Transcribe, starting at the line with "Studio : Wrangler" and ending at the line with "Uczniowie z klas", every line of the material below exactly, but leave out the pictures and anything outside that span.

> Data shown
=======

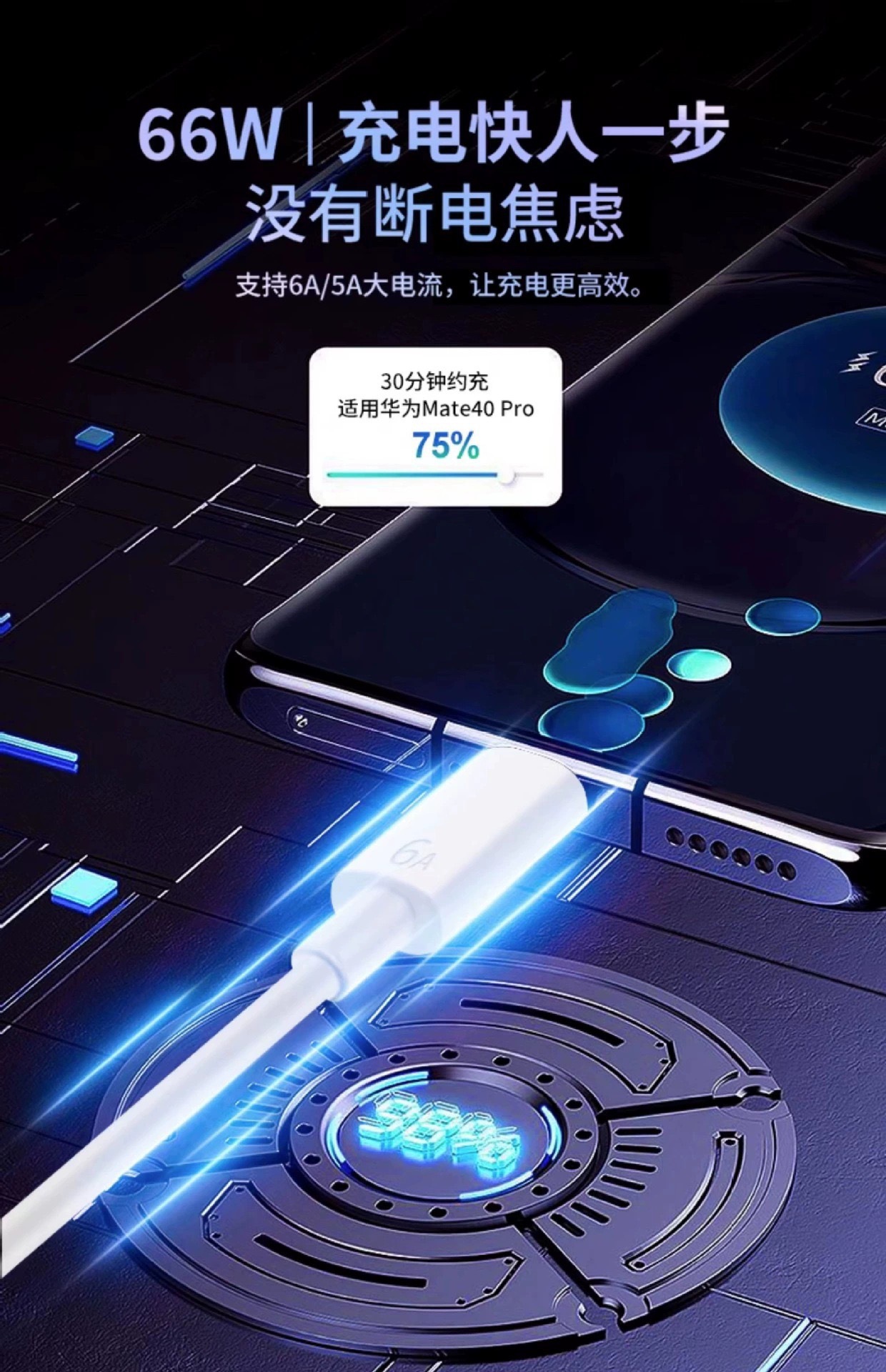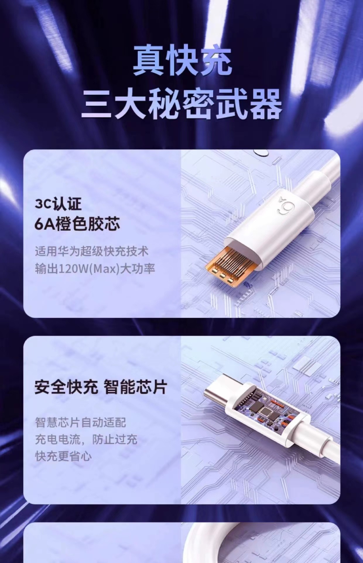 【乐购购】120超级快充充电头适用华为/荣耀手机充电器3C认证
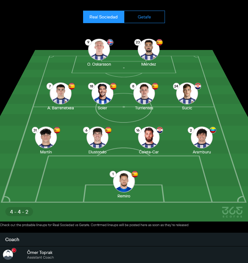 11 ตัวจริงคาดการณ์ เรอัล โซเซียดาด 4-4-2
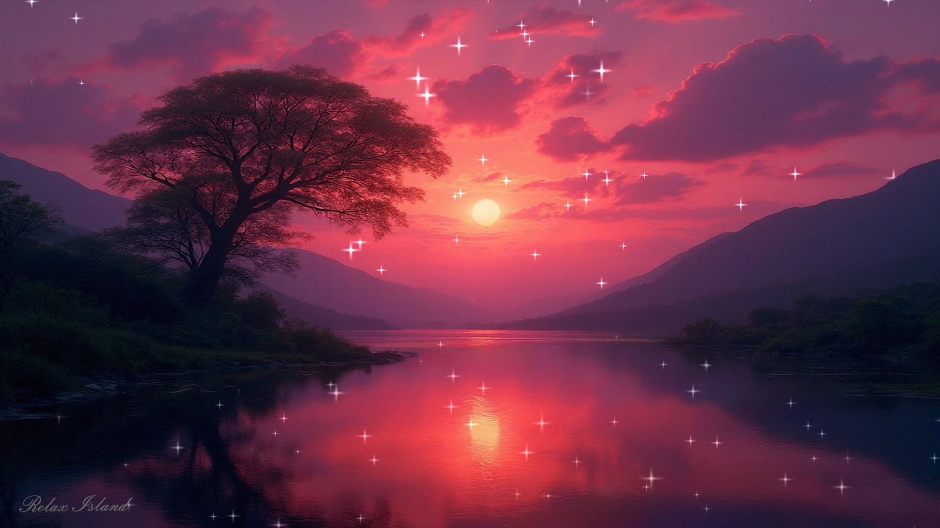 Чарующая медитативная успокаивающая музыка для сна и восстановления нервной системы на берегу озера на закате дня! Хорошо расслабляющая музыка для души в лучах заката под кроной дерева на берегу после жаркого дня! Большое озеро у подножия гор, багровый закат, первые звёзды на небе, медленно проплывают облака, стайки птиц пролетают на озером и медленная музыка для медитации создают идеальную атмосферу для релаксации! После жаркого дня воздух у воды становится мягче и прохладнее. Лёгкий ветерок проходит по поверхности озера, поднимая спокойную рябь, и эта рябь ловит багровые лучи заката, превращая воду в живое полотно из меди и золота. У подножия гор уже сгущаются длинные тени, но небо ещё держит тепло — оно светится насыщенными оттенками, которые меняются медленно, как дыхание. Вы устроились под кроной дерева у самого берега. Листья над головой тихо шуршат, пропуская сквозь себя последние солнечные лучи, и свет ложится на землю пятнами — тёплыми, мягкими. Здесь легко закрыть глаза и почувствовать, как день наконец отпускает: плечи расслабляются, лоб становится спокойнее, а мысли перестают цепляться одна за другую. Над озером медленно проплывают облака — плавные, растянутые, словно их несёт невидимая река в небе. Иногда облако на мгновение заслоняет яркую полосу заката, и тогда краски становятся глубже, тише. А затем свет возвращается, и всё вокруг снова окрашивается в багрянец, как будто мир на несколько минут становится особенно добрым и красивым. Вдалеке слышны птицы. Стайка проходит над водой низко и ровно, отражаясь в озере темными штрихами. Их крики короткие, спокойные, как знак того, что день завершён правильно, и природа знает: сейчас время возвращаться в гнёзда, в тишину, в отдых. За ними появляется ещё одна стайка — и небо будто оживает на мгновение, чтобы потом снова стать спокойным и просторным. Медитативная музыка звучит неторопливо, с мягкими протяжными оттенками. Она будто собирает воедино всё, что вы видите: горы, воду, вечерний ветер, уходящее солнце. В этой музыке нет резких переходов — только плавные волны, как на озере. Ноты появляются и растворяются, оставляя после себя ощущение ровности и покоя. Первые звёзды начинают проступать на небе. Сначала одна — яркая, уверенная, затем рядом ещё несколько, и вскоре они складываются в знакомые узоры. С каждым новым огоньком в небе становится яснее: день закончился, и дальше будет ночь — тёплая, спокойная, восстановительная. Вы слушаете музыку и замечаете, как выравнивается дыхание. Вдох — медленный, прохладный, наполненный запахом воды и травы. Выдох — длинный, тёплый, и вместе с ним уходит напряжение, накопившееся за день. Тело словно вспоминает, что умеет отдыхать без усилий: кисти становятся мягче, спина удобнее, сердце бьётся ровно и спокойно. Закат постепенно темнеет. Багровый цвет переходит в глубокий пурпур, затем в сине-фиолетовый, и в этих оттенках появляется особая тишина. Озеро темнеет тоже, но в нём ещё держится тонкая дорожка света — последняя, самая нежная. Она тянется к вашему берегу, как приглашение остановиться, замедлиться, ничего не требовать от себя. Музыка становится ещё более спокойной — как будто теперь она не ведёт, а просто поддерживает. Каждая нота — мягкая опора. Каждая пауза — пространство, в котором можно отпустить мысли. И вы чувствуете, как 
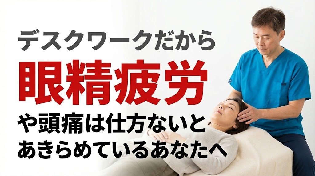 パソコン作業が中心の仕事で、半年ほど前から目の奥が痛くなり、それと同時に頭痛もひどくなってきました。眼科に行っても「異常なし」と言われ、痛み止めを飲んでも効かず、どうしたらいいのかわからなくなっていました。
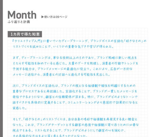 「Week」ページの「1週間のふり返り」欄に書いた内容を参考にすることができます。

=======

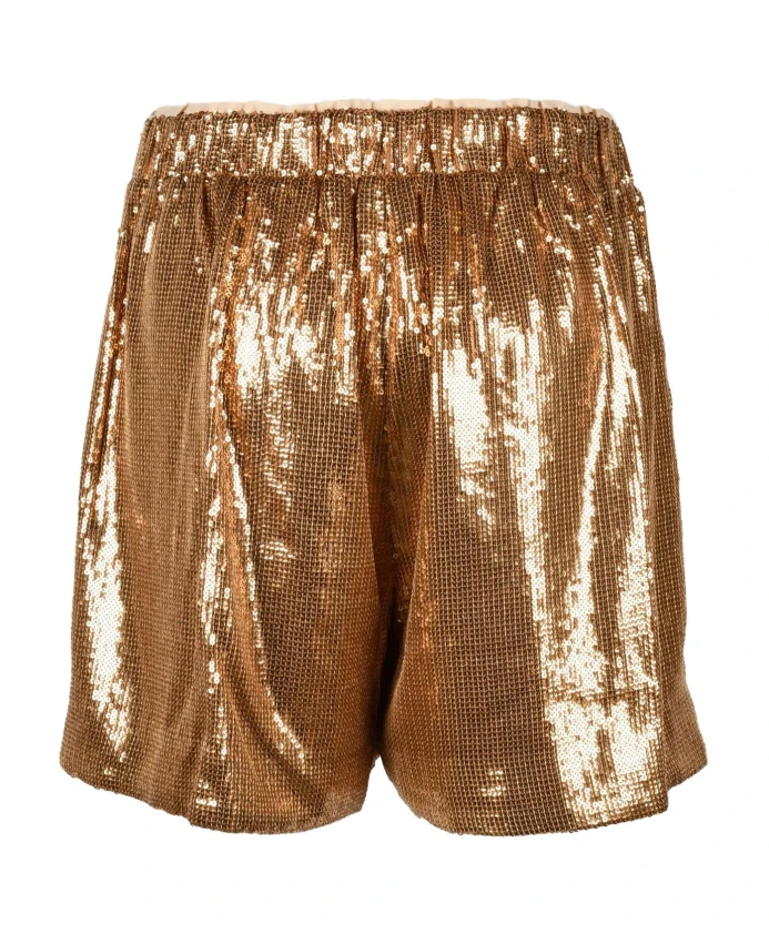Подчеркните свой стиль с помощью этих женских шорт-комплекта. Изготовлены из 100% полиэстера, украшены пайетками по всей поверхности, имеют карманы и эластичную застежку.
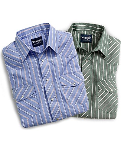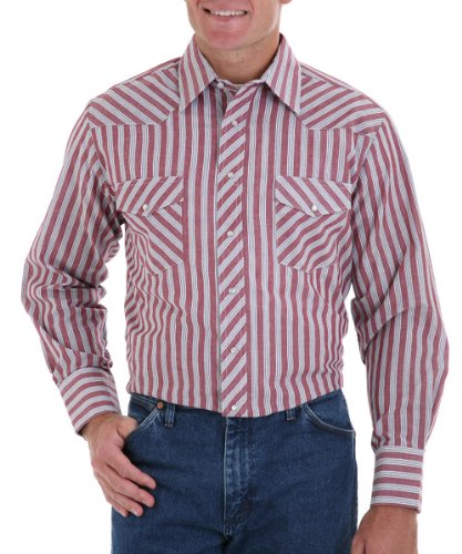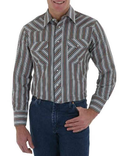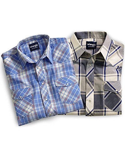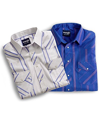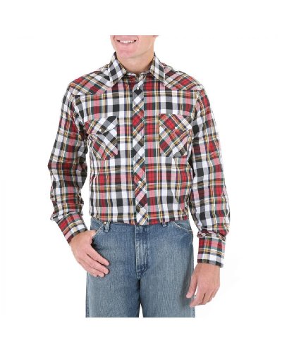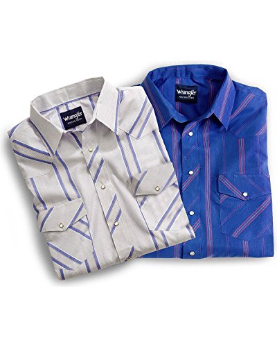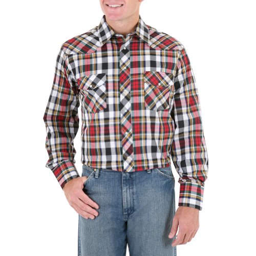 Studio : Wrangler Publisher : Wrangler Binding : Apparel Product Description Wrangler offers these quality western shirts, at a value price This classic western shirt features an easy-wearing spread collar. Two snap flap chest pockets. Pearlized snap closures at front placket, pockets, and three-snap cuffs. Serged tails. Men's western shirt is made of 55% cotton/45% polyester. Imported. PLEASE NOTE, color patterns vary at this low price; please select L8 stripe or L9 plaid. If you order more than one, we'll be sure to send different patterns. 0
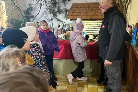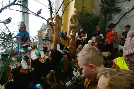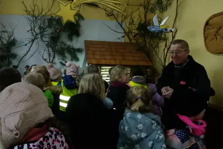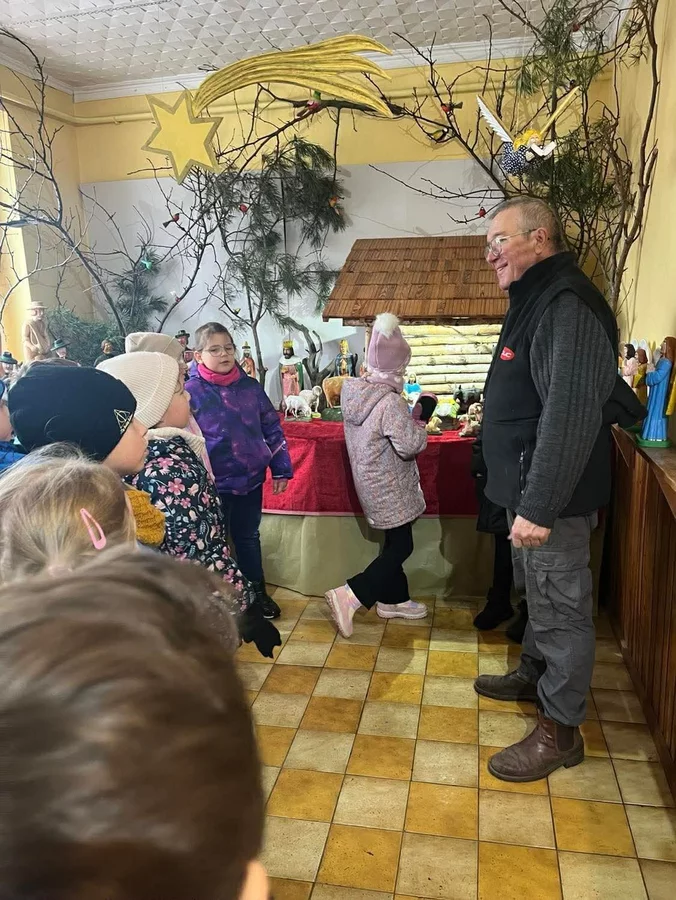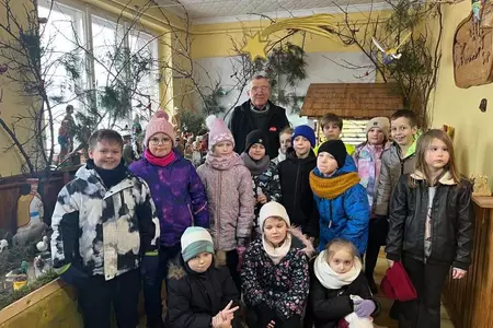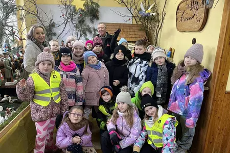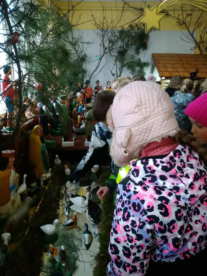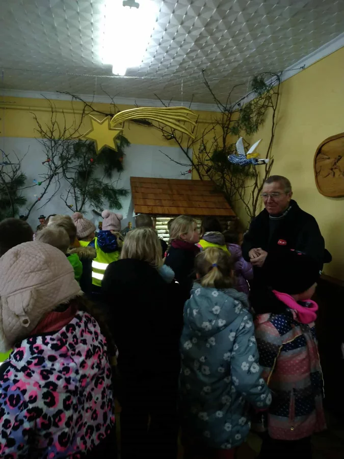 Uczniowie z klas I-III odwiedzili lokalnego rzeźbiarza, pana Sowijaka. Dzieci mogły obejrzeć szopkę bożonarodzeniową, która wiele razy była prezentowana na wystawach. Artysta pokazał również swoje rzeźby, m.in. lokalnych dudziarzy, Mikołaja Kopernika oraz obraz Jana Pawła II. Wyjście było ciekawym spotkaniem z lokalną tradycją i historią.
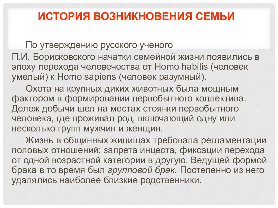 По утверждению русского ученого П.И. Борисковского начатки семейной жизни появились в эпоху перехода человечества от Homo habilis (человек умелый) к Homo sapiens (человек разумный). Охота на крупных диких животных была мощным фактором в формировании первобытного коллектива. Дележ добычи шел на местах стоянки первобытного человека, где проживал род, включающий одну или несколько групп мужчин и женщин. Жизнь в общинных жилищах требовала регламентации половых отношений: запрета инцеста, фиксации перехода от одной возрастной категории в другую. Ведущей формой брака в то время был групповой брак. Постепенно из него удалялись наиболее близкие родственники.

=======

> Answer section
 Studio : Wrangler Publisher : Wrangler Binding : Apparel Product Description Wrangler offers these quality western shirts, at a value price This classic western shirt features an easy-wearing spread collar. Two snap flap chest pockets. Pearlized snap closures at front placket, pockets, and three-snap cuffs. Serged tails. Men's western shirt is made of 55% cotton/45% polyester. Imported. PLEASE NOTE, color patterns vary at this low price; please select L8 stripe or L9 plaid. If you order more than one, we'll be sure to send different patterns. 0
 Uczniowie z klas I-III odwiedzili lokalnego rzeźbiarza, pana Sowijaka. Dzieci mogły obejrzeć szopkę bożonarodzeniową, która wiele razy była prezentowana na wystawach. Artysta pokazał również swoje rzeźby, m.in. lokalnych dudziarzy, Mikołaja Kopernika oraz obraz Jana Pawła II. Wyjście było ciekawym spotkaniem z lokalną tradycją i historią.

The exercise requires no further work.